> PROBLEM REQUIREMENTS: Copy all of the data below exactly as it is given.

> GIVEN MATERIAL:

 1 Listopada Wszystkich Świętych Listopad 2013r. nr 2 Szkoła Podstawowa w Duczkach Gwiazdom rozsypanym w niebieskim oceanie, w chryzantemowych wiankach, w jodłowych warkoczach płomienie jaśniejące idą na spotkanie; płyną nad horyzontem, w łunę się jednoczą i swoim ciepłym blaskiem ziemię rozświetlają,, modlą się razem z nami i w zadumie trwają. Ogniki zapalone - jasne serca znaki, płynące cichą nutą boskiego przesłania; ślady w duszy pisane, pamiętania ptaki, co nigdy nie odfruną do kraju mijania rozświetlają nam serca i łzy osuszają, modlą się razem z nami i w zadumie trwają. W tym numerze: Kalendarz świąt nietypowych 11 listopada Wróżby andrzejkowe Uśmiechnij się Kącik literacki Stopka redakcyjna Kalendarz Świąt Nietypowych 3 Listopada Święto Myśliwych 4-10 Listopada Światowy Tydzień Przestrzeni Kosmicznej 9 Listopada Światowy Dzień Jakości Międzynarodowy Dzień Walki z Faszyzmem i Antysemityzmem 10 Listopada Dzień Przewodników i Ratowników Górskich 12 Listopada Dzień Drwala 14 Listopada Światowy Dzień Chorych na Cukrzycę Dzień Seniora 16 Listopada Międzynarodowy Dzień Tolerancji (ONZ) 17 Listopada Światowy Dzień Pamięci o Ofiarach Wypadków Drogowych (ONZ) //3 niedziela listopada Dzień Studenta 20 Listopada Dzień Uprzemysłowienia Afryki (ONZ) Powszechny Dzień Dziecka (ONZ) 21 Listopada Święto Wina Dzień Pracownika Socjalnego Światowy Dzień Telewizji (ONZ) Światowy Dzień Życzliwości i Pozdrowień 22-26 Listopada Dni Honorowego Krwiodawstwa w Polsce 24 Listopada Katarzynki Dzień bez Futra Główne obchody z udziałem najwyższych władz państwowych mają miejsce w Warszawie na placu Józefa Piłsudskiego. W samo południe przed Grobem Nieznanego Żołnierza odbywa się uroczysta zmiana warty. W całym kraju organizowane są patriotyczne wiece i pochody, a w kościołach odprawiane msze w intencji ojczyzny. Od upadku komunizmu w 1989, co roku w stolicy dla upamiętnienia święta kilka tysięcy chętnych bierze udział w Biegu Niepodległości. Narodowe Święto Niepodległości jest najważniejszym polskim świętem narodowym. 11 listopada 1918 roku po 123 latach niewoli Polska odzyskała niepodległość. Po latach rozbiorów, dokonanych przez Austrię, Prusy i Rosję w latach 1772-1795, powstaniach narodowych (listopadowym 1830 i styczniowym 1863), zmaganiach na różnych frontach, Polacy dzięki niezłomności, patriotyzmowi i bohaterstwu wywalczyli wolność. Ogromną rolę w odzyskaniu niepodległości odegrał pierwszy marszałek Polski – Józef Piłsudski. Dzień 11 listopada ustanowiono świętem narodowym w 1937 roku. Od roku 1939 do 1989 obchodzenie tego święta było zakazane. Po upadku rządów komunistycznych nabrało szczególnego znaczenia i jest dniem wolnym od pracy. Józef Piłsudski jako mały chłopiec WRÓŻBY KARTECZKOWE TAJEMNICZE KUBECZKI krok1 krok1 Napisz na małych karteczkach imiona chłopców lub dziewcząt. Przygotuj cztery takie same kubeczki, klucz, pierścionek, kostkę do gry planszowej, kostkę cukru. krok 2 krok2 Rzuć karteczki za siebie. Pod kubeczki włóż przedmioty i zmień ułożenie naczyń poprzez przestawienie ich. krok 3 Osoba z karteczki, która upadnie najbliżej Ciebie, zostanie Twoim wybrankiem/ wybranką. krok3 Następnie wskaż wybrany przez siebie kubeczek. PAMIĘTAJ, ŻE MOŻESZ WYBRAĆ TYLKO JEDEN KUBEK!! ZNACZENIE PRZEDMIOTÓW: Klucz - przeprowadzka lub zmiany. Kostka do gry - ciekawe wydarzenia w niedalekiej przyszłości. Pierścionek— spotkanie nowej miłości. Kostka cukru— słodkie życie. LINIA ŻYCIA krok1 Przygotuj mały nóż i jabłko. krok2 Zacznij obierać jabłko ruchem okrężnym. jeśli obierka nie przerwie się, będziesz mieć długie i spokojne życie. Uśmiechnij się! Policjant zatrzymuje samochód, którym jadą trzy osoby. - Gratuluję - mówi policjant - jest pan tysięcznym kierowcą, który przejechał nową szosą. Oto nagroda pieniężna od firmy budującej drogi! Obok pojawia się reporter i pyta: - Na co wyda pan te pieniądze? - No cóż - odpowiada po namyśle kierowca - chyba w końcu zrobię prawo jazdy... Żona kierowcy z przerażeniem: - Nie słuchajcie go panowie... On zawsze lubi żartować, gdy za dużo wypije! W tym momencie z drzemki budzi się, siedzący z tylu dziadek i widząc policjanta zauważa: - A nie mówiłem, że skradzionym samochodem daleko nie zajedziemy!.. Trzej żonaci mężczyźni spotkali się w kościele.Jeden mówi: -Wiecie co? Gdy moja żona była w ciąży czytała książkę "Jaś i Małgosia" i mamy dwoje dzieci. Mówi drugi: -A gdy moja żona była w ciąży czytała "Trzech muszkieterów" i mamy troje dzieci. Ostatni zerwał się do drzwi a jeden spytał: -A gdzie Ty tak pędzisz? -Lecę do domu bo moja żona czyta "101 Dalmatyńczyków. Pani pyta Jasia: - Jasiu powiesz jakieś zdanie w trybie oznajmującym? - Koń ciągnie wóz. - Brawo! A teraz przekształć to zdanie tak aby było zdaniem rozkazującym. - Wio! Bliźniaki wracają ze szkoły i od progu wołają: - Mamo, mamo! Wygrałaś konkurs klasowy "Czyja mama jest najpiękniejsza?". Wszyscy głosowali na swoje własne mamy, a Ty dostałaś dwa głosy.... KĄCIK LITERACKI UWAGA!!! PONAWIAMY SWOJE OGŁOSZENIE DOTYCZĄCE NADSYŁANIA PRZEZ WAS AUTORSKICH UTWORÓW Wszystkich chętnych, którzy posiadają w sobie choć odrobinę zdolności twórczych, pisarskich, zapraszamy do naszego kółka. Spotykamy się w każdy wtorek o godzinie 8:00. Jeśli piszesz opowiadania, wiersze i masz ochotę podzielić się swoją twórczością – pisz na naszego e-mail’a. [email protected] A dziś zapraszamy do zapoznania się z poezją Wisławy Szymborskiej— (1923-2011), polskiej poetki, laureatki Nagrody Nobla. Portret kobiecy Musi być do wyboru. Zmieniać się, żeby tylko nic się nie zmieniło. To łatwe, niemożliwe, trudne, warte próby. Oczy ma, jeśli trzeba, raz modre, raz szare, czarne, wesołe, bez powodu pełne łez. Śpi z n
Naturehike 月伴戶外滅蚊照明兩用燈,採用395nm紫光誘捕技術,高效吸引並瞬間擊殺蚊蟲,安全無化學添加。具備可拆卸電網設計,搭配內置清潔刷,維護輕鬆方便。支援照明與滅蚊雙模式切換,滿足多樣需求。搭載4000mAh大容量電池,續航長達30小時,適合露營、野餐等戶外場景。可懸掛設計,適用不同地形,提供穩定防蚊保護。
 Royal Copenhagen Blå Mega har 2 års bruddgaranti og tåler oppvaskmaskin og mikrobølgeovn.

> ANSWER SPACE:
 1 Listopada Wszystkich Świętych Listopad 2013r. nr 2 Szkoła Podstawowa w Duczkach Gwiazdom rozsypanym w niebieskim oceanie, w chryzantemowych wiankach, w jodłowych warkoczach płomienie jaśniejące idą na spotkanie; płyną nad horyzontem, w łunę się jednoczą i swoim ciepłym blaskiem ziemię rozświetlają,, modlą się razem z nami i w zadumie trwają. Ogniki zapalone - jasne serca znaki, płynące cichą nutą boskiego przesłania; ślady w duszy pisane, pamiętania ptaki, co nigdy nie odfruną do kraju mijania rozświetlają nam serca i łzy osuszają, modlą się razem z nami i w zadumie trwają. W tym numerze: Kalendarz świąt nietypowych 11 listopada Wróżby andrzejkowe Uśmiechnij się Kącik literacki Stopka redakcyjna Kalendarz Świąt Nietypowych 3 Listopada Święto Myśliwych 4-10 Listopada Światowy Tydzień Przestrzeni Kosmicznej 9 Listopada Światowy Dzień Jakości Międzynarodowy Dzień Walki z Faszyzmem i Antysemityzmem 10 Listopada Dzień Przewodników i Ratowników Górskich 12 Listopada Dzień Drwala 14 Listopada Światowy Dzień Chorych na Cukrzycę Dzień Seniora 16 Listopada Międzynarodowy Dzień Tolerancji (ONZ) 17 Listopada Światowy Dzień Pamięci o Ofiarach Wypadków Drogowych (ONZ) //3 niedziela listopada Dzień Studenta 20 Listopada Dzień Uprzemysłowienia Afryki (ONZ) Powszechny Dzień Dziecka (ONZ) 21 Listopada Święto Wina Dzień Pracownika Socjalnego Światowy Dzień Telewizji (ONZ) Światowy Dzień Życzliwości i Pozdrowień 22-26 Listopada Dni Honorowego Krwiodawstwa w Polsce 24 Listopada Katarzynki Dzień bez Futra Główne obchody z udziałem najwyższych władz państwowych mają miejsce w Warszawie na placu Józefa Piłsudskiego. W samo południe przed Grobem Nieznanego Żołnierza odbywa się uroczysta zmiana warty. W całym kraju organizowane są patriotyczne wiece i pochody, a w kościołach odprawiane msze w intencji ojczyzny. Od upadku komunizmu w 1989, co roku w stolicy dla upamiętnienia święta kilka tysięcy chętnych bierze udział w Biegu Niepodległości. Narodowe Święto Niepodległości jest najważniejszym polskim świętem narodowym. 11 listopada 1918 roku po 123 latach niewoli Polska odzyskała niepodległość. Po latach rozbiorów, dokonanych przez Austrię, Prusy i Rosję w latach 1772-1795, powstaniach narodowych (listopadowym 1830 i styczniowym 1863), zmaganiach na różnych frontach, Polacy dzięki niezłomności, patriotyzmowi i bohaterstwu wywalczyli wolność. Ogromną rolę w odzyskaniu niepodległości odegrał pierwszy marszałek Polski – Józef Piłsudski. Dzień 11 listopada ustanowiono świętem narodowym w 1937 roku. Od roku 1939 do 1989 obchodzenie tego święta było zakazane. Po upadku rządów komunistycznych nabrało szczególnego znaczenia i jest dniem wolnym od pracy. Józef Piłsudski jako mały chłopiec WRÓŻBY KARTECZKOWE TAJEMNICZE KUBECZKI krok1 krok1 Napisz na małych karteczkach imiona chłopców lub dziewcząt. Przygotuj cztery takie same kubeczki, klucz, pierścionek, kostkę do gry planszowej, kostkę cukru. krok 2 krok2 Rzuć karteczki za siebie. Pod kubeczki włóż przedmioty i zmień ułożenie naczyń poprzez przestawienie ich. krok 3 Osoba z karteczki, która upadnie najbliżej Ciebie, zostanie Twoim wybrankiem/ wybranką. krok3 Następnie wskaż wybrany przez siebie kubeczek. PAMIĘTAJ, ŻE MOŻESZ WYBRAĆ TYLKO JEDEN KUBEK!! ZNACZENIE PRZEDMIOTÓW: Klucz - przeprowadzka lub zmiany. Kostka do gry - ciekawe wydarzenia w niedalekiej przyszłości. Pierścionek— spotkanie nowej miłości. Kostka cukru— słodkie życie. LINIA ŻYCIA krok1 Przygotuj mały nóż i jabłko. krok2 Zacznij obierać jabłko ruchem okrężnym. jeśli obierka nie przerwie się, będziesz mieć długie i spokojne życie. Uśmiechnij się! Policjant zatrzymuje samochód, którym jadą trzy osoby. - Gratuluję - mówi policjant - jest pan tysięcznym kierowcą, który przejechał nową szosą. Oto nagroda pieniężna od firmy budującej drogi! Obok pojawia się reporter i pyta: - Na co wyda pan te pieniądze? - No cóż - odpowiada po namyśle kierowca - chyba w końcu zrobię prawo jazdy... Żona kierowcy z przerażeniem: - Nie słuchajcie go panowie... On zawsze lubi żartować, gdy za dużo wypije! W tym momencie z drzemki budzi się, siedzący z tylu dziadek i widząc policjanta zauważa: - A nie mówiłem, że skradzionym samochodem daleko nie zajedziemy!.. Trzej żonaci mężczyźni spotkali się w kościele.Jeden mówi: -Wiecie co? Gdy moja żona była w ciąży czytała książkę "Jaś i Małgosia" i mamy dwoje dzieci. Mówi drugi: -A gdy moja żona była w ciąży czytała "Trzech muszkieterów" i mamy troje dzieci. Ostatni zerwał się do drzwi a jeden spytał: -A gdzie Ty tak pędzisz? -Lecę do domu bo moja żona czyta "101 Dalmatyńczyków. Pani pyta Jasia: - Jasiu powiesz jakieś zdanie w trybie oznajmującym? - Koń ciągnie wóz. - Brawo! A teraz przekształć to zdanie tak aby było zdaniem rozkazującym. - Wio! Bliźniaki wracają ze szkoły i od progu wołają: - Mamo, mamo! Wygrałaś konkurs klasowy "Czyja mama jest najpiękniejsza?". Wszyscy głosowali na swoje własne mamy, a Ty dostałaś dwa głosy.... KĄCIK LITERACKI UWAGA!!! PONAWIAMY SWOJE OGŁOSZENIE DOTYCZĄCE NADSYŁANIA PRZEZ WAS AUTORSKICH UTWORÓW Wszystkich chętnych, którzy posiadają w sobie choć odrobinę zdolności twórczych, pisarskich, zapraszamy do naszego kółka. Spotykamy się w każdy wtorek o godzinie 8:00. Jeśli piszesz opowiadania, wiersze i masz ochotę podzielić się swoją twórczością – pisz na naszego e-mail’a. [email protected] A dziś zapraszamy do zapoznania się z poezją Wisławy Szymborskiej— (1923-2011), polskiej poetki, laureatki Nagrody Nobla. Portret kobiecy Musi być do wyboru. Zmieniać się, żeby tylko nic się nie zmieniło. To łatwe, niemożliwe, trudne, warte próby. Oczy ma, jeśli trzeba, raz modre, raz szare, czarne, wesołe, bez powodu pełne łez. Śpi z n
Naturehike 月伴戶外滅蚊照明兩用燈,採用395nm紫光誘捕技術,高效吸引並瞬間擊殺蚊蟲,安全無化學添加。具備可拆卸電網設計,搭配內置清潔刷,維護輕鬆方便。支援照明與滅蚊雙模式切換,滿足多樣需求。搭載4000mAh大容量電池,續航長達30小時,適合露營、野餐等戶外場景。可懸掛設計,適用不同地形,提供穩定防蚊保護。
 Royal Copenhagen Blå Mega har 2 års bruddgaranti og tåler oppvaskmaskin og mikrobølgeovn.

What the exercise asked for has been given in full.